Jade Edginton, who was a teenager when Paterson misled her into having unnecessary surgery to remove lumps from her breasts, said: “When you’re 16 sitting in a big room with some big high-flying surgeon who says we need to get it out, you just go ‘yeah, we do need to get it out’.”
A critical report had accused NHS bosses of “secrecy and containment” over concerns first raised in 2003.
The NHS has already paid out almost £18 million after settling more than 250 civil claims, but lawyers estimated the total number of victims was likely to exceed 1,000.
One patients’ group described the scale of his offending as “Shipmanesque” – a reference to Dr Harold Shipman, the GP who is believed to have murdered more than 200 elderly patients before being caught.
The scandal raises questions over the NHS’s ability to detect rogue surgeons in the system as well as its failure to share concerns with the private hospitals where Paterson also worked.
The charges – which Paterson denied – concerned his work between 1997 and 2011 at Spire Healthcare’s Parkway and Little Aston private hospitals in the West Midlands.

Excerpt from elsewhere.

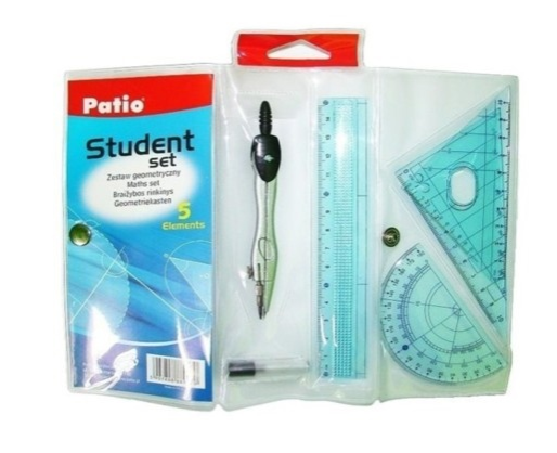 • Į komplektą įeina: liniuotė, 2 trikampiai, matlankis, skriestuvas, grafitai skriestuvui

Det Chief Supt Mark Payne said at the conclusion of the seven-week trial: “Paterson was a controlling bully, who played God with people’s lives so he could live a luxurious lifestyle.”
The jury at Nottingham Crown Court was not told that hundreds of Paterson’s patients were recalled by the NHS in 2012 after concerns about unnecessary or incomplete operations.

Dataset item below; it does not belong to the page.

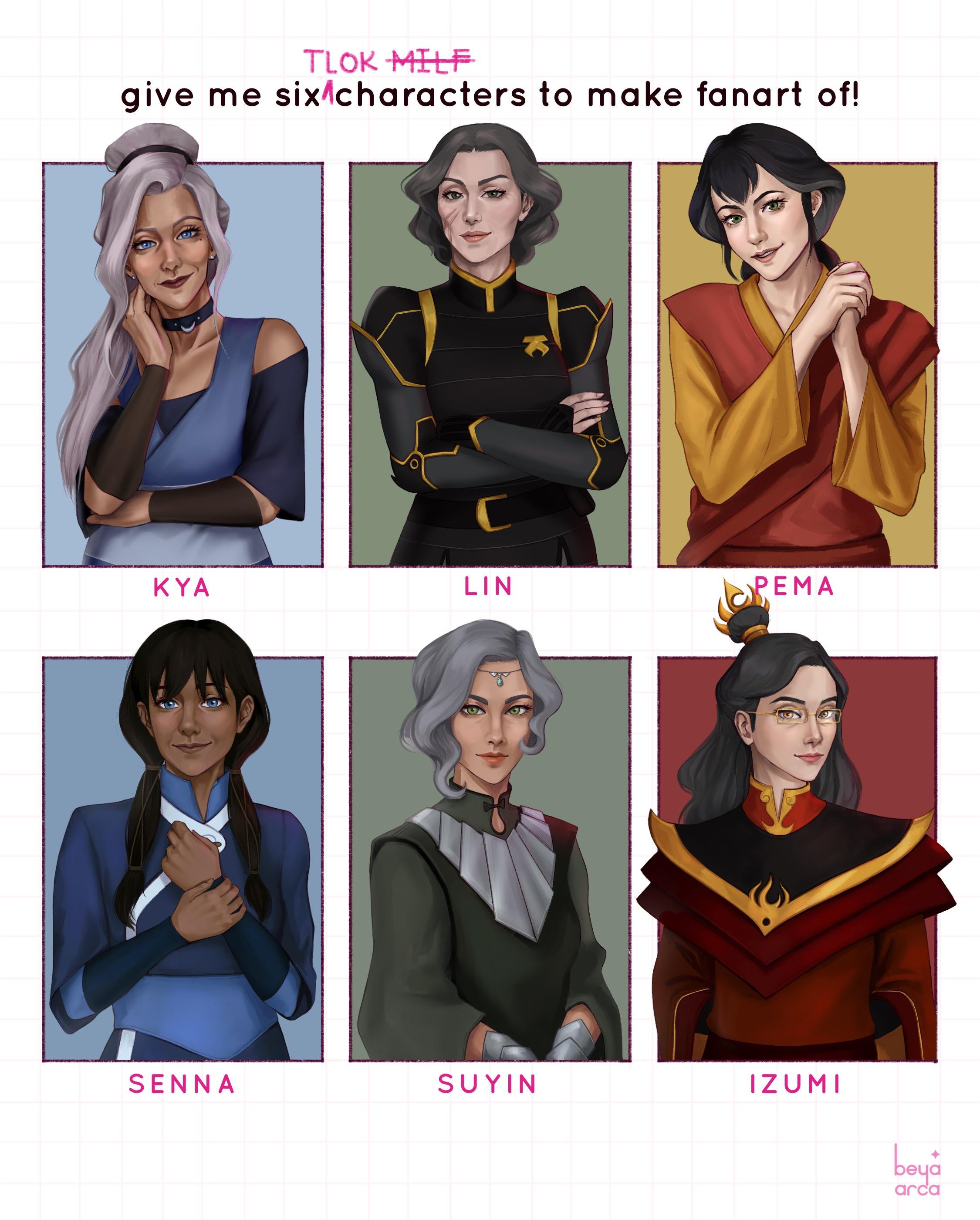 >>152580080Row 1Jin - Shaved (prostitute)Pema - HairySuki - TrimmedAsami - full Brazilian waxDon't know - HairyDon't know - HairyRow 2Senna - HairyDon't know - HairySuu - TrimmedYue - TrimmedP'li - ShavedToph - Peach FuzzRow 3Meng - Naturally hairlessMing-Hua - Hairy Ty Lee - Naturally almost hairless.Don't know - HairyKya - Hairy / Shaved when on the hunt for young lesbiansRow 4Opal - TrimmedJun - HairyEska - ShavedAang cosplayer - waxed (took her role too seriously)Row 5Katara's Mom - HairyZhu Li - WaxedDon't know - HairyKuvira - ShavedAzula - Burned offIkki - Naturally hairlessRow 6Jinora - Peach fuzzMai - ShavedKorra - The hairiest pussy you've ever seen before she started dating Asami. Now she's waxed thoughDon't know - HairyLin - TrimmedKatara - Hairy

A report in 2013 by Sir Ian Kennedy, a law professor, found Paterson’s managers at the Heart of England NHS Trust ignored complaints against him because they “preferred good news to true news”.

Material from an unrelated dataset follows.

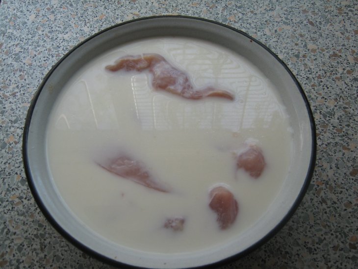 Кладем в миску и заливаем молоком. На 4 половинки достаточно 0,5

Paterson, who lives in Altrincham, Gtr Manchester, had been suspended from another trust, the Good Hope Hospital in Sutton Coldfield, when he started working for Heart of England in March 1998.
Concerns were first raised about his work there in 2003, but he was only suspended by the General Medical Council in 2012 over inadequate partial mastectomies that left women at risk of cancer returning.
More than 60 women subsequently suffered from recurrent cancer because of so-called cleavage-sparing mastectomies which he carried out.
Sir Ian said in his report: “It is a story of clinicians going along with what they knew to be poor
performance. It is a story of weak and indecisive leadership from senior managers. It is a story of secrecy and containment.”
Former patient Debbie Douglas, who was left “mutilated”, said: “He should suffer and should spend a long time in jail. Definitely money was a factor. I was insured by my company and I was a licence to print money for him. But he also had a God complex as he made an issue of telling me that he had cured me.”
Frances operations, at a cost of tens of thousands of pounds, which included a full mastectomy and breast reconstruction in 2009, said: “I think he’s a psychopath. Why would anyone in their right mind do operations to people knowing that they didn’t need them?
“My feeling towards him is I hate him with a passion. I hope he goes down for a very long time and I hope he has a dreadful time in prison and hope he rots in hell.”
Peter Walsh, chief executive of Action Against Medical Accidents, said: “It’s an extreme case, Shipmanesque. It points to poor oversight and monitoring. It should have been spotted much sooner.”
Emma Doughty, clinical negligence solicitor at law firm Slater and Gordon, which represents more than 60 victims, said: “Although we have seen hundreds of claimants, God knows how many this actually affects.
“There are hundreds, if not thousands, of claimants and then we have got to think about people who haven’t come forward, people who have died. It’s on a huge scale.
“I would say, from our standpoint and what we know, there have been cover-ups since the late Nineties.”
Sara Burns, a medical negligence partner at Irwin Mitchell, said: “It is crucial that the whole healthcare industry learns from this as soon as possible.”
Heart of England NHS Trust said in a statement: “We welcome the verdict and appreciate the distress caused to Ian Paterson’s patients and families.”
A Royal College of Surgeons spokesman said: “It is now vital that all health services reflect on the lessons of this unacceptable practice.”